Arshad Iqbal is a 17-year-old boy who recently discovered that he loves to play the drums. He has the knack to play the instrument, but he did not know it till students at the Nixor College helped him and other students at his school by giving summer lessons in drumming and theatre.
Iqbal and his friends study at the Deaf Reach School (DRS), an institution that offers academic and vocational skills training for hearing-impaired individuals. With the help of these college students, 20 DRS students performed “I Am”, a musical that tells the story of a deaf boy named Arshad, at the Pakistan American Cultural Centre’s (PACC) Auditorium on Thursday afternoon.
In a play directed by Huma Nadeem, a sophomore at Nixor, Iqbal played the role of Arshad, a boy who has a deep-rooted passion to play the drums. As he strikes his drumsticks against the drum skin, Arshad thinks he is performing well. But his brilliance is not acknowledged by anyone; his mother and teachers discourage him and he feels shunned by society, till one day he wins the heart of a teacher who helps him deliver a spectacular performance.

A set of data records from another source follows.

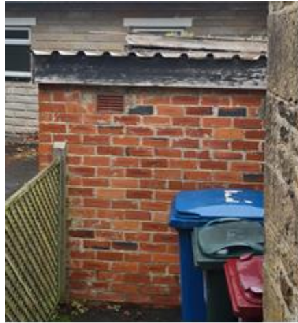
Side elevation Garage 2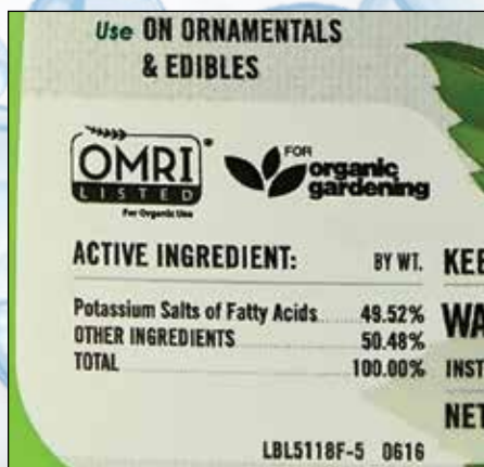
Insecticidal soap label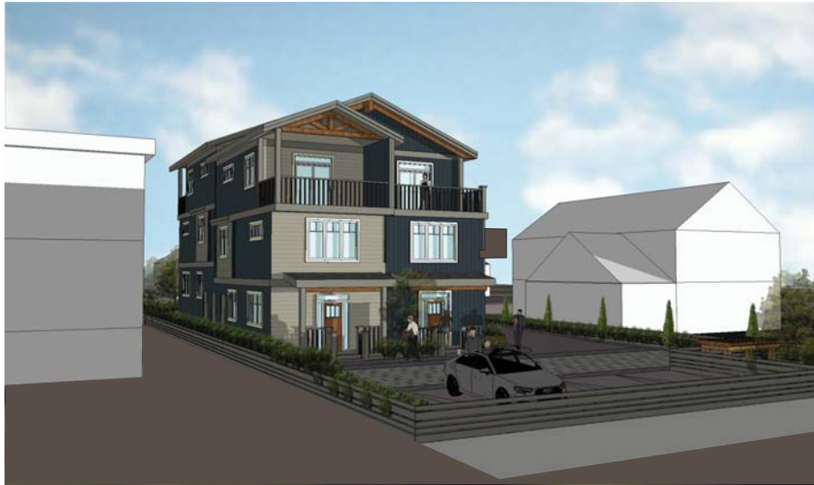
REAR VIEW OF PARKING AREA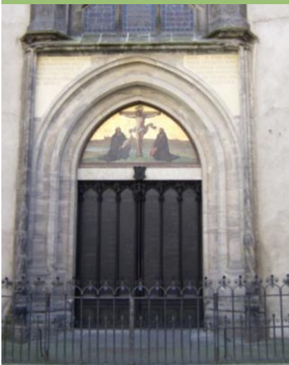
Castle Church Doors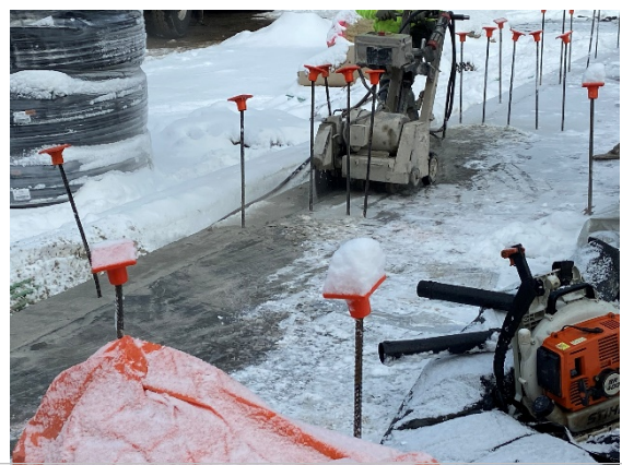
Saw cutting for insulation installation (01/27/2021)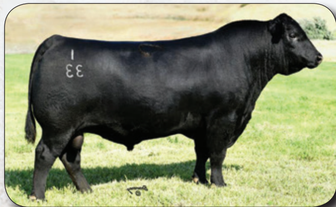
CONNEALY BLACK GRANITE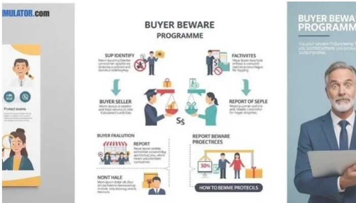
IELTS LISTENING – “Buyer Beware” Programme S29T2 July 9, 2025 In "IELTS Listening Easy Demo for All"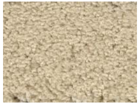
Cashmere Carpeting Stairs, Hallway, Bedrooms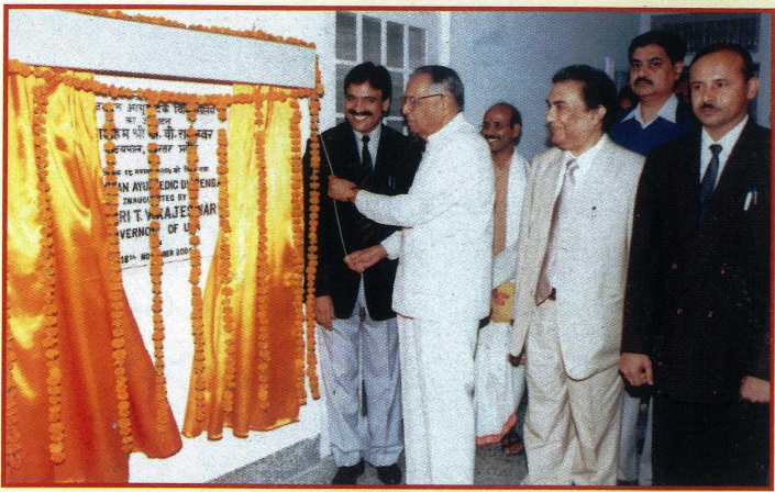
18th November, 2004 - H.E. Sri T.V.Rajeswar, Governor, Uttar Pradesh, inaugurating the newly constructed building of Rajbhawan Ayurvedic Dispensary.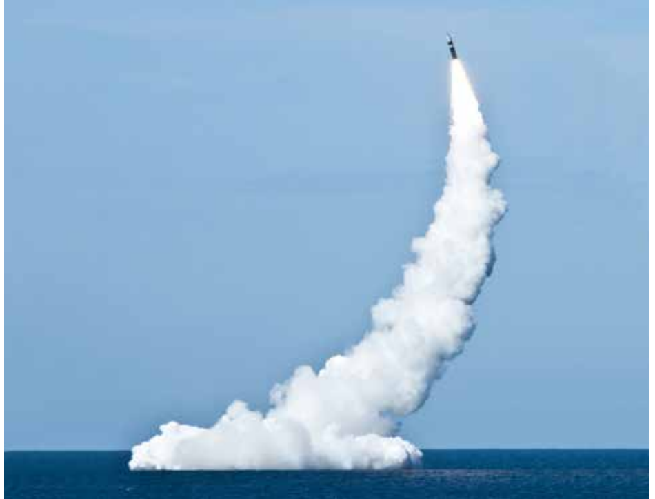
The administration already has some 2,000 ready-to-use nuclear weapons at its disposal. But apparently that’s not enough.

In its 2018 assessment of US nuclear forces—called the Nuclear Posture Review (NPR)—the administration argues that the new Trident warhead “will help counter any mistaken perception of an exploitable ‘gap’ in US regional deterrence capabilities.” The term “regional deterrence capabilities” is code for low-yield nuclear weapons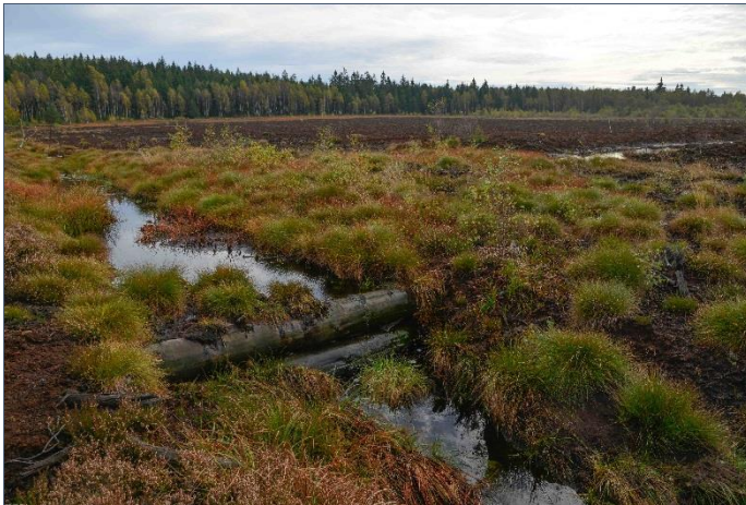
Figure 10 Wooden dam in old ditch in the Protected Landscape Area Slavkovsky les. The area was earlier an important era for peat extraction. The water level was still too low to prevent drainage of the peatlands.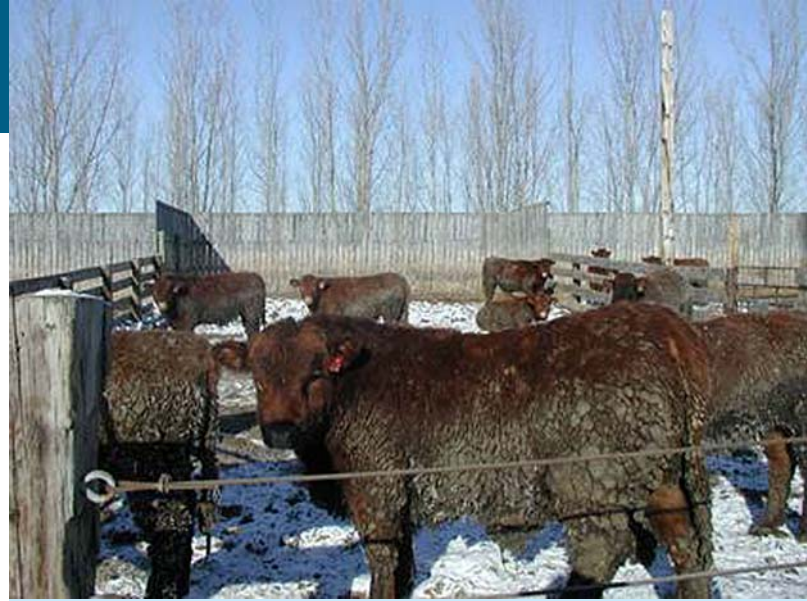
Calves provided with no bedding have less insulation, carry more mud and perform poorly.

Feedlots have some advantages to feeding cattle in the northern Plains states. Summers in the northern Plains are very pleasant. A wide variety of feed grains, coproduct ingredients and forages are available at competitive prices, and rural areas are sparsely settled. Certainly, severe cold and wind can impact performance negatively, but feedlot managers can mitigate these conditions to some extent with proper planning, facility design and good management practices. Fall and spring in the northern Plains can be challenging seasons for feeders because wet, cold conditions negate the natural insulation value of the hair coat and wet, muddy cattle lose heat readily. Bedding is not as effective during cold rain and/or snow.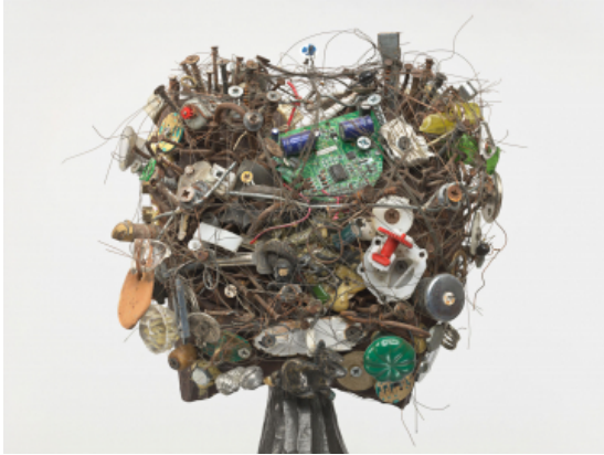
Jack Whitten, “Lucy” (2011), black mulberry, mixed media, Phaistos stone, mahogany, metal I-beam

Compared to his monumental, mosaic-inspired abstract paintings, Jack Whitten’s carved wooden assemblages are intimate, raw, and intuitive — but no less powerful. This ground-breaking exhibition, curated by Katy Siegel and Kelly Baum, presented decades of never-seen-before sculptural works created in his summer studio in Crete, full of totems, guardian figures, icons, and memorial reliquaries made from carved wood, marble, stone, acrylic, fish bones, plastic credit cards, photos, handwritten letters, and random scraps. Whitten’s sculptures are deliciously rebellious and fiercely lyrical, bursting with personal narrative, as well as African, Classical, and literary allusions, though their impact upon

With the help of his teacher and translator Jessica Johnson, the actor (Iqbal) tells The Express Tribune, “I have worked very hard at this play and I am glad everyone enjoyed my performance.” But then he adds: “I have a question for you: why are we deaf and why are we ignored by society? Until my mother told me there are others like me, I thought I was the only one in this world.”
A volunteer from the college, Mashaal Saaeed said, “We learnt a lot from these children. I am sure they learnt something from us too. For the first time we introduced deaf theatre in Pakistan and I am proud I was part of the team.”
Cheers from the crowd
Wild cheers were heard as the performance ended, with the audience raving about the performers’ talent. One guest said that the kids’ effort was admirable, while other young attendees gasped that it was “awesome”.
Sarah Shaikh, Marketing Manager of the Family Education Services Foundation which runs the Deaf Reach School said, “This was a novel opportunity and a great combination for both the institutes. It’s sad when you are told that you are deaf; that you have a PhD brain and an artistic inspiration. But the frustrating part of life is when your parents discourage you and the general community does not come forward to help you. For us, the idea was to show their talent to the world, their best face, and marvel at it.”
“I Am” was a one-day performance.
Published in The Express Tribune, July 23rd, 2012.